→ **Required work**: Go to the line containing "В кухонный комбайн" below; retype it and all following lines exactly, and leave out the pictures.

Start of Supplied information

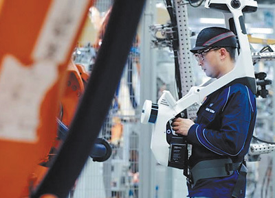 在华晨宝马沈阳生产基地,工作人员使用3D激光扫描技术,能对未来工厂生产设施进行高效规划。 宝马集团供图 |
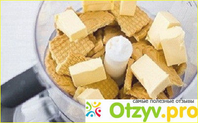 В кухонный комбайн с насадкой-ножом добавьте печенье и порезанное на небольшие кубики сливочное масло. Измельчите продукты до состояния мелкой, почти однородной крошки.
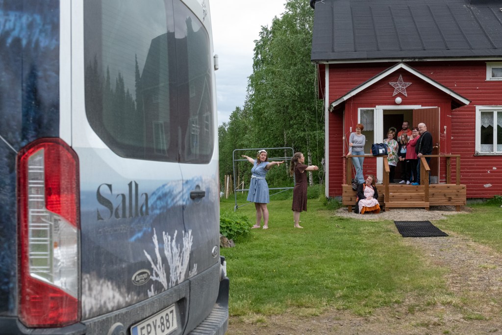 Sallan kulttuuripalvelut osallistui Piste Kollektiivin hallinnoimaan Pohjoisen Uudet Polut -hankkeeseen v. 2022. Hankkeella pyrittiin tavoittamaan erityisesti ihmisiä, jotka jäivät taidepalveluiden ulkopuolelle. Tuuppasimme taiteilijat monipalveluauton kyytiin ja samalla kun auto vei kirjoja asiakkaille, taiteilijat esittivät Lainan tanssit -teoksen. Lainan tanssi oli teos, jossa kaksi Lainaksi nimettyä tanssijaa tanssii katsojien lainoja. Kyseessä oli hetkessä elävä improvisoitu tanssiteos.
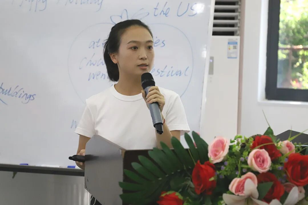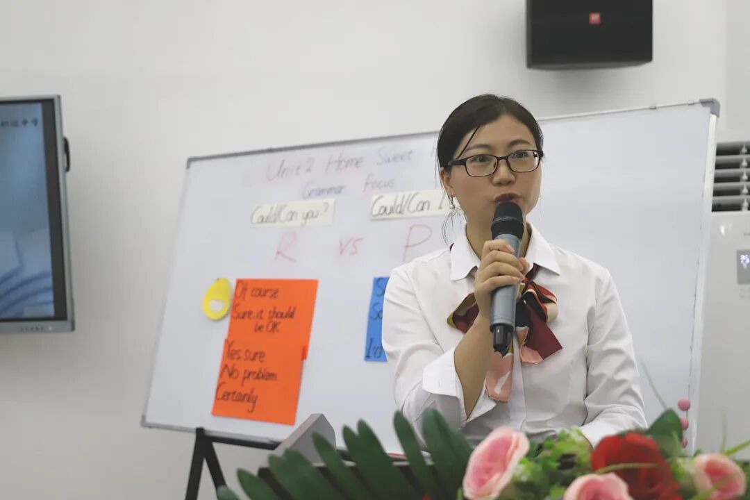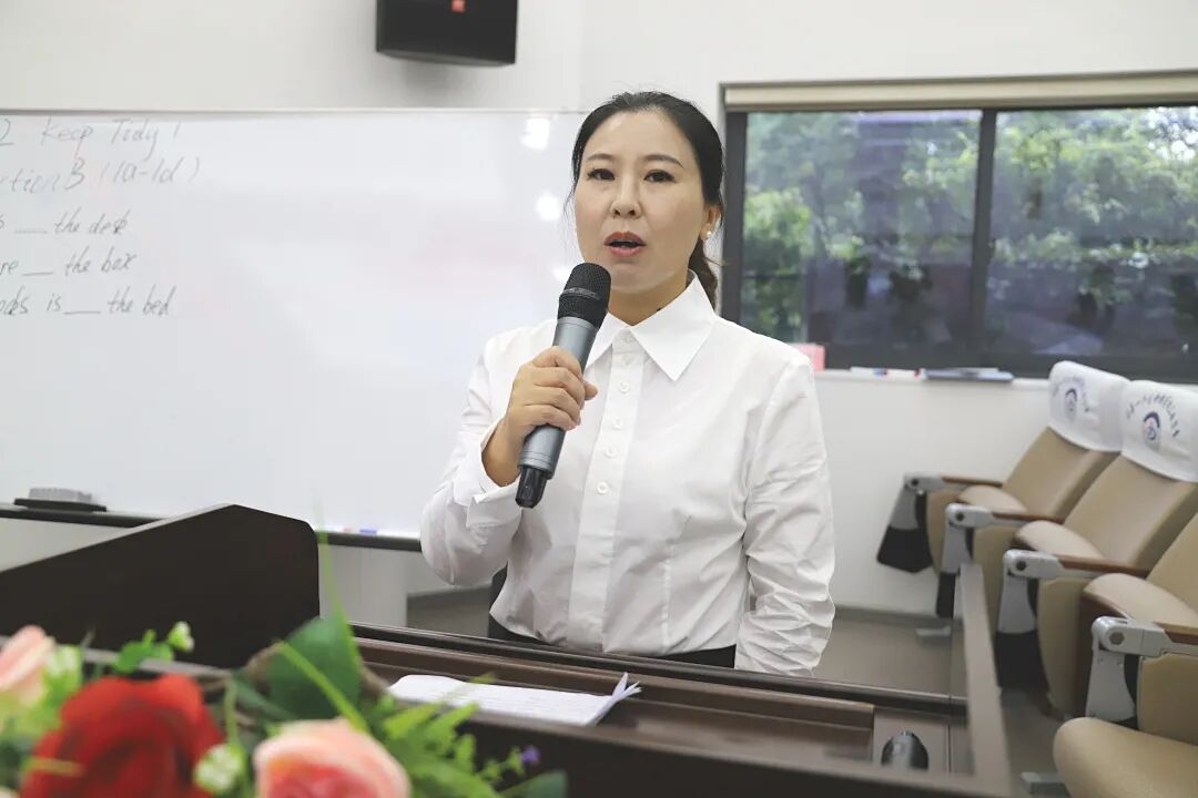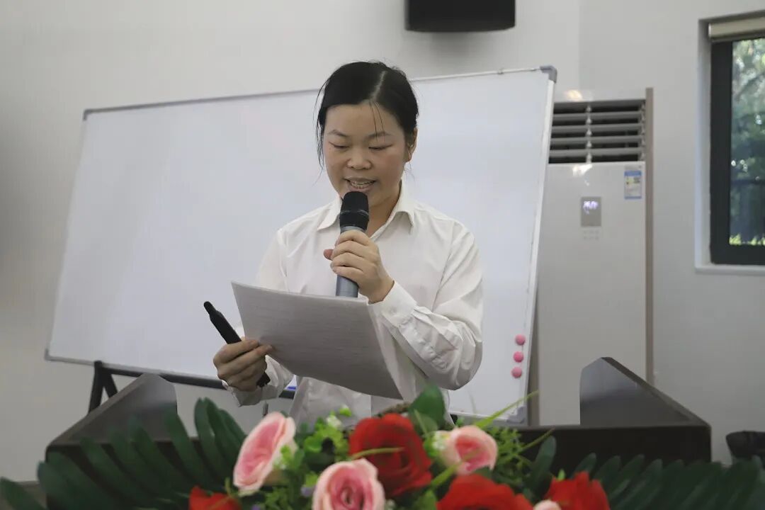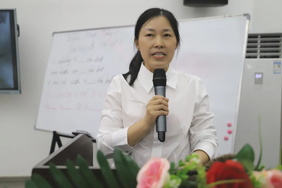 陶惠老师宣读比赛结果并作总结发言,她高度评价参赛教师的专业表现,对各位教师在有限时间内展现出的扎实教学功底、创新教学设计和高效课堂实施能力表示充分肯定,更呼吁老师们摒弃经验主义,以空杯心态吸纳新的教学理念,为英语教学注入新活力。

End of Supplied information

→ **Response**:
 В кухонный комбайн с насадкой-ножом добавьте печенье и порезанное на небольшие кубики сливочное масло. Измельчите продукты до состояния мелкой, почти однородной крошки.
 Sallan kulttuuripalvelut osallistui Piste Kollektiivin hallinnoimaan Pohjoisen Uudet Polut -hankkeeseen v. 2022. Hankkeella pyrittiin tavoittamaan erityisesti ihmisiä, jotka jäivät taidepalveluiden ulkopuolelle. Tuuppasimme taiteilijat monipalveluauton kyytiin ja samalla kun auto vei kirjoja asiakkaille, taiteilijat esittivät Lainan tanssit -teoksen. Lainan tanssi oli teos, jossa kaksi Lainaksi nimettyä tanssijaa tanssii katsojien lainoja. Kyseessä oli hetkessä elävä improvisoitu tanssiteos.
 陶惠老师宣读比赛结果并作总结发言,她高度评价参赛教师的专业表现,对各位教师在有限时间内展现出的扎实教学功底、创新教学设计和高效课堂实施能力表示充分肯定,更呼吁老师们摒弃经验主义,以空杯心态吸纳新的教学理念,为英语教学注入新活力。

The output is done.